Malignancy Does not Affect Outcomes of Pharmacomechanical Thrombolysis in Acute Symptomatic Iliofemoral Deep Vein Thrombosis.

Ann Vasc Surg

Division of Vascular Surgery and Endovascular Therapy, Department of Surgery, Loyola University Medical Center, Maywood, IL. Electronic address:

Published: August 2018

AI Article Synopsis

  • - The study investigates the safety and effectiveness of pharmacomechanical thrombolysis (PMT) in patients with iliofemoral deep vein thrombosis (DVT), focusing on whether cancer patients have different outcomes compared to those without cancer.
  • - A total of 18 patients were analyzed, with findings indicating similar rates of venous patency and lysis achieved in both cancer and non-cancer groups, although stenting was more common in cancer patients.
  • - Follow-up results showed no recurrence of DVT in either group, suggesting that PMT can be safely performed in cancer patients without significantly compromising outcomes.

Article Abstract

Background: Cancer patients demonstrate increased risk for venous thromboembolism (VTE), VTE recurrence, and anticoagulation-associated bleeding. Pharmacomechanical thrombolysis (PMT) aand thrombectomy improves venous patency, venous valve function, and quality of life in patients with acute iliofemoral deep vein thrombosis (DVT). It remains unknown whether pharmacomechanical thrombolysis can be used safely in patients with active cancer. We hypothesized that perioperative and short-term outcomes of pharmacomechanical iliofemoral DVT thrombolysis would not differ between patients with cancer and those without cancer.
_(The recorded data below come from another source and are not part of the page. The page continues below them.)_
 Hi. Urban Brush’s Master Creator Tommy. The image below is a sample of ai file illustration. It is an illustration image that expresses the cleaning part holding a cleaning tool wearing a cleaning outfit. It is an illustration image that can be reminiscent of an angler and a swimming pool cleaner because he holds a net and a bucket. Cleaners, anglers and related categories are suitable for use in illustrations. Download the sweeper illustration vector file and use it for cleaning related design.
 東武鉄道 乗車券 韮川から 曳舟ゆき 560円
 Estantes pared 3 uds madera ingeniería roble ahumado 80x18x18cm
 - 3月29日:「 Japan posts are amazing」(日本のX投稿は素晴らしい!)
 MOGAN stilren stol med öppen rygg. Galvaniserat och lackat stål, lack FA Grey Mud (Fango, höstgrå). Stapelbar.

Methods: A retrospective chart review of consecutive patients with symptomatic iliofemoral DVT undergoing PMT by AngioJet Power Pulse spray and thrombectomy at a single tertiary care university institution between December 2013 and December 2016 was performed. Outcomes between patients with cancer and without cancer were compared.

Results: We identified 22 limbs in 18 consecutive patients: 6 patients (7 limbs) with cancer and 12 patients (15 limbs) without cancer. Between these groups, the mean age was 60.5 ± 4.3 vs. 53.8 ± 26.8 years, respectively (P = 0.5593), and females comprised 66.7% vs. 25.0%, respectively (P = 0.0878). No significant difference in inferior vena cava (IVC) involvement between the groups (57.1% vs. 53.3%, P = 0.8676) was noted. Grade II (50-94% lysis) and III (95% complete lysis) thrombus lysis with restoration of venous patency was achieved in both the groups. Overnight catheter-directed thrombolysis (CDT) was rarely used. Notably, stenting was more frequently employed in cancer patients than in those without cancer (57.1% vs. 13.3%, P = 0.0316). The mean duration of follow-up was 3.42 ± 4.41 months for the cancer group and 4.50 ± 2.43 months for the noncancer group (P = 0.5060). Overall outcomes were excellent as no patient in both the groups experienced recurrent DVT, major bleeding, or postthrombotic syndrome. There was no mortality associated with the endovascular thrombolysis procedures.

Conclusions: The results of our study suggest that the presence of malignancy does not affect short-term outcomes of endovascular thrombolytic therapy in symptomatic DVT. Further follow-up is needed to evaluate long-term outcomes.